| title | Differential gene expression associated with HPV integration |
|---|---|
| output | html_document |
In this example, we will study the effect of HPV integration on the expression of recurrent target genes in CESC and HNSC tumors. This example demonstrates using R to issue BigQuery queries involving multiple tables across multiple data sets. We will also show users how to bring in their own data to use in conjunction with the TCGA data already available as BigQuery tables. In this exercise, we will reproduce some figures from Tang et. al. [1] to visualize altered expression of host genes frequently targeted by HPV.
References:
- Tang et. al. The landscape of viral expression and host gene fusion and adaptation in human cancer. Nature Communications 4, Article number:2513|doi:10.1038/ncomms3513
Let's get started then! Let's first load all the required libraries and initialize all global variables
require(bigrquery,quietly = TRUE) || install.packages('bigrquery',verbose = FALSE)## [1] TRUE
require(tidyr,quietly = TRUE) || install.packages('tidyr',verbose = FALSE)## [1] TRUE
require(dplyr,quietly = TRUE) || install.packages('dplyr',verbose = FALSE)## [1] TRUE
require(ggplot2,quietly = TRUE) || install.packages('ggplot2',verbose = FALSE)## [1] TRUE
require(broom,quietly = TRUE) || install.packages('broom',verbose = FALSE)## [1] TRUE
Specify cloud project name(s)
#cloud_project_workshop = "your project"Specify BigQuery datasets you want to work with
tcga_ds = "tcga_201510_alpha"
workshop_ds = "workspace"First let's make sure everything is workign and list tables in the TCGA dataset.
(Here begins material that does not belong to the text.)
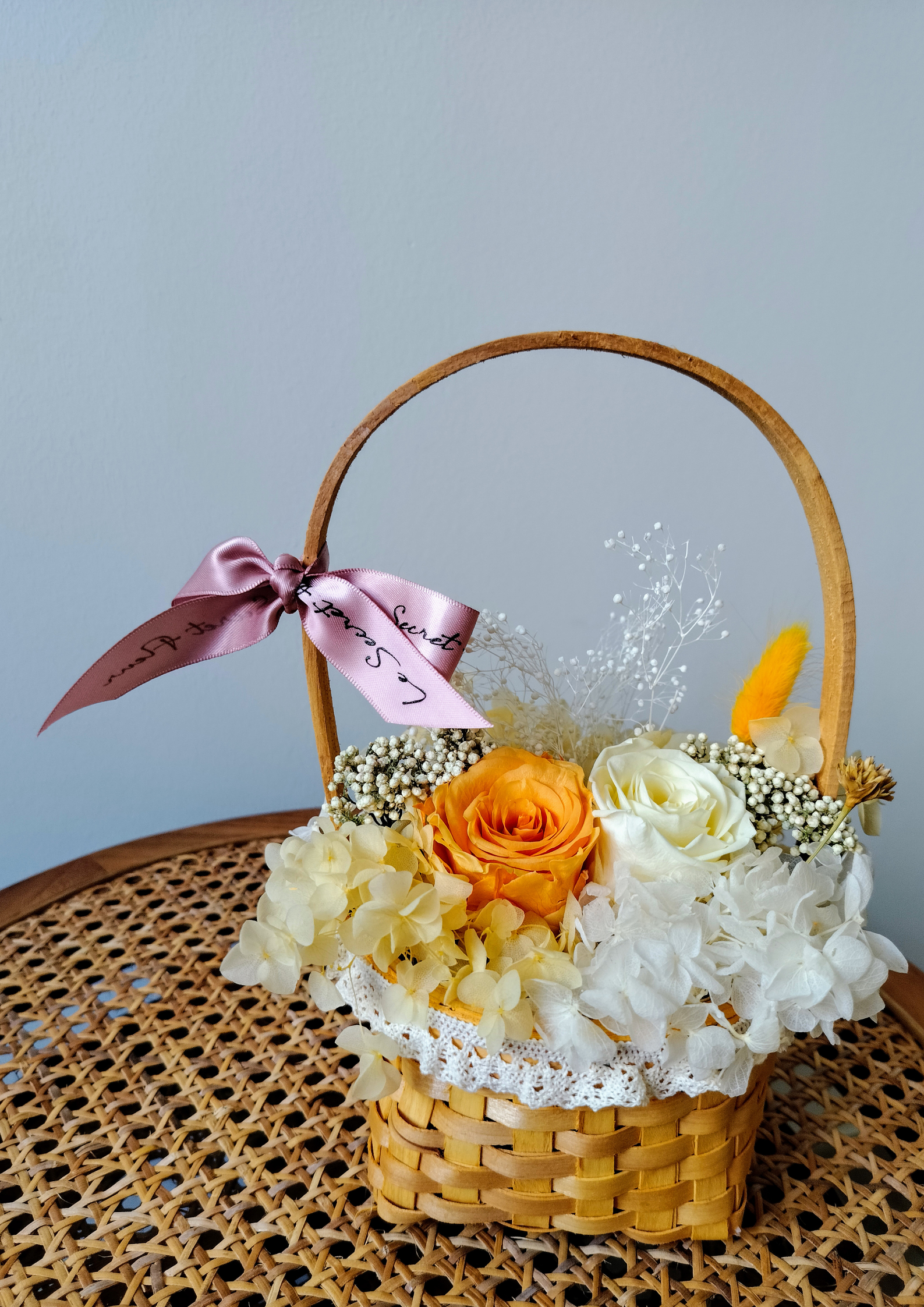 Experience the tangy sweetness of our Citrus Basket, brimming with vibrant yellow and orange roses reminiscent of sun-kissed fruits. Each bloom radiates with natural beauty and vitality, evoking the freshness of a summer morning. Nestled in a charming woven basket, this delightful arrangement is a visual symphony of cheery hues, perfect for adding a pop of color and joy to any space or occasion.

bigrquery::list_tables("isb-cgc", "tcga_201510_alpha")## [1] "Annotations" "Biospecimen_data"
## [3] "Clinical_data" "Copy_Number_segments"
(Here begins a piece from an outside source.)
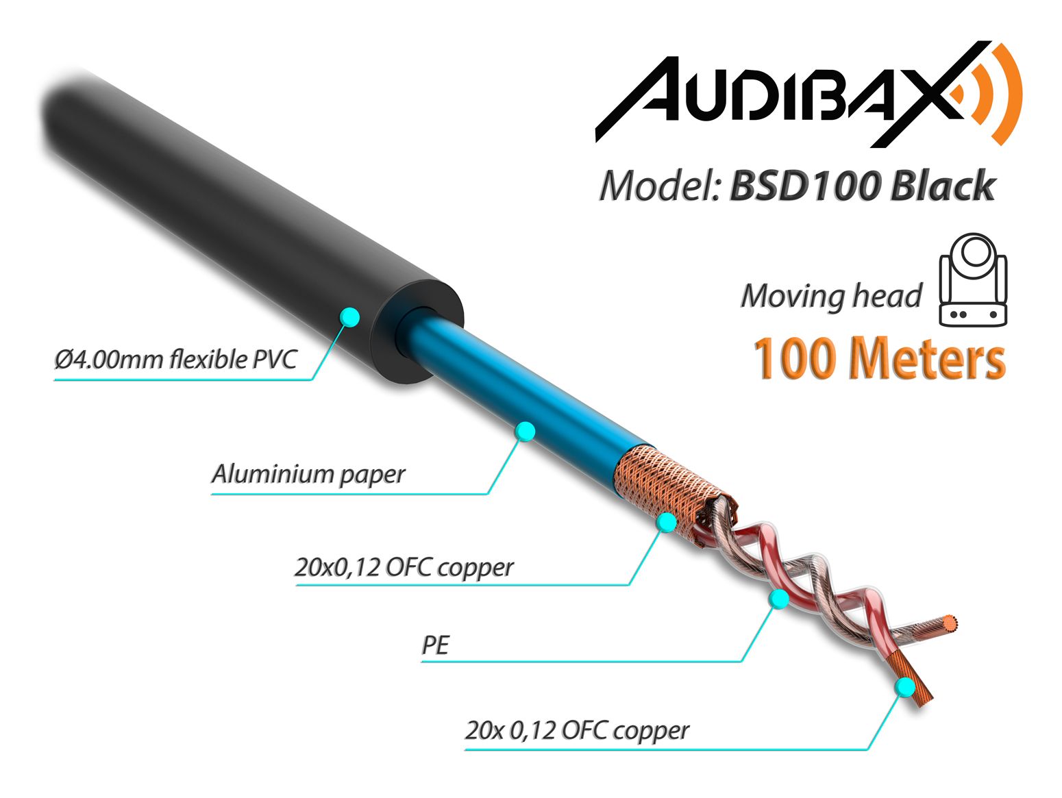 Audibax Silver BSD100 Black Coil DMX Cable 100 Metres

## [5] "DNA_Methylation_betas" "Protein_RPPA_data"
## [7] "Somatic_Mutation_calls" "mRNA_BCGSC_HiSeq_RPKM"
## [9] "mRNA_UNC_HiSeq_RSEM" "miRNA_expression"
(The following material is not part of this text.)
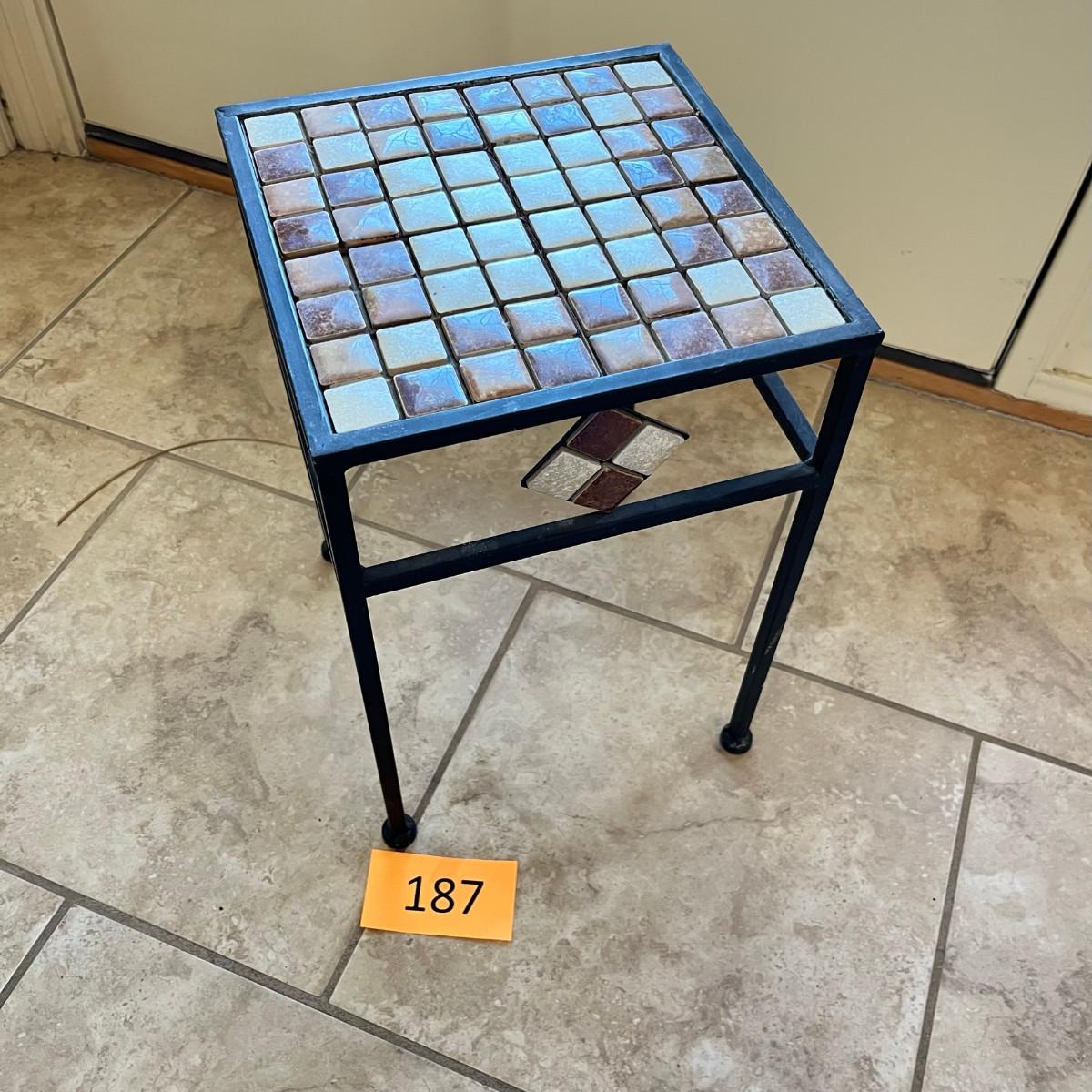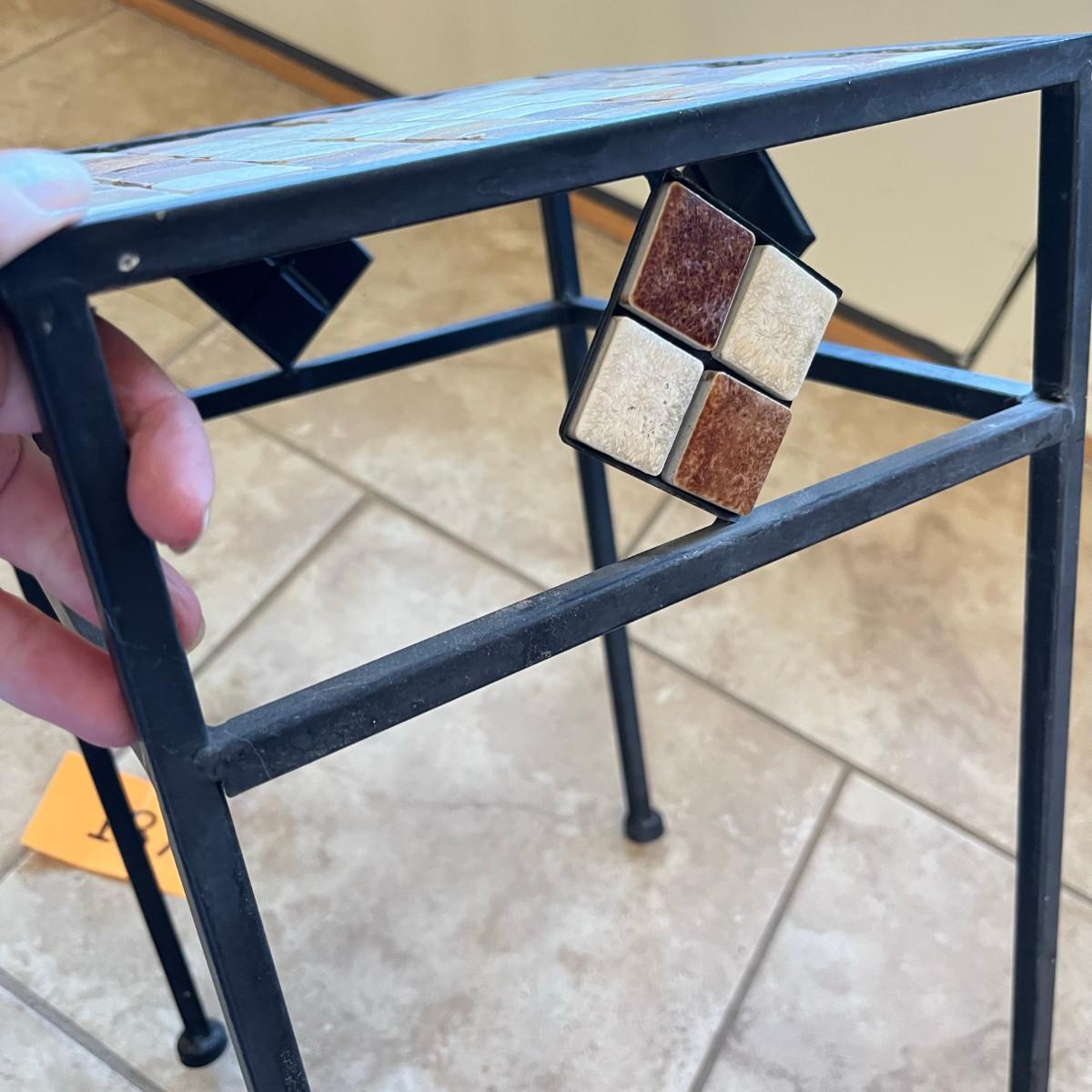 Very cool piece. Wrought iron & tile. Roughly 12x12 & 18" tall.

Tables we will be using in this example...
clinical_table = "[isb-cgc:tcga_201510_alpha.Clinical_data]"
gexp_table = "[isb-cgc:tcga_201510_alpha.mRNA_UNC_HiSeq_RSEM]"
ncomms_gene_table = "[isb-cgc:workshop.ncomms3513_s3]"In this analysis, we are going to be looking at two studies.
study=c('CESC','HNSC')Now, let's gather the relevant data from BigQuery
- Get all CESC and HNSC samples and their hpv status from clinical data
# this is an example of building queries programmatically.
sqlQuery = paste("SELECT ParticipantBarcode, Study, hpv_calls, hpv_status ",
"FROM ", clinical_table,
" WHERE Study in (",paste(shQuote(study),collapse = ','),")",sep="")
sqlQuery## [1] "SELECT ParticipantBarcode, Study, hpv_calls, hpv_status FROM [isb-cgc:tcga_201510_alpha.Clinical_data] WHERE Study in ('CESC','HNSC')"
hpv_table = query_exec(sqlQuery,project = cloud_project_workshop)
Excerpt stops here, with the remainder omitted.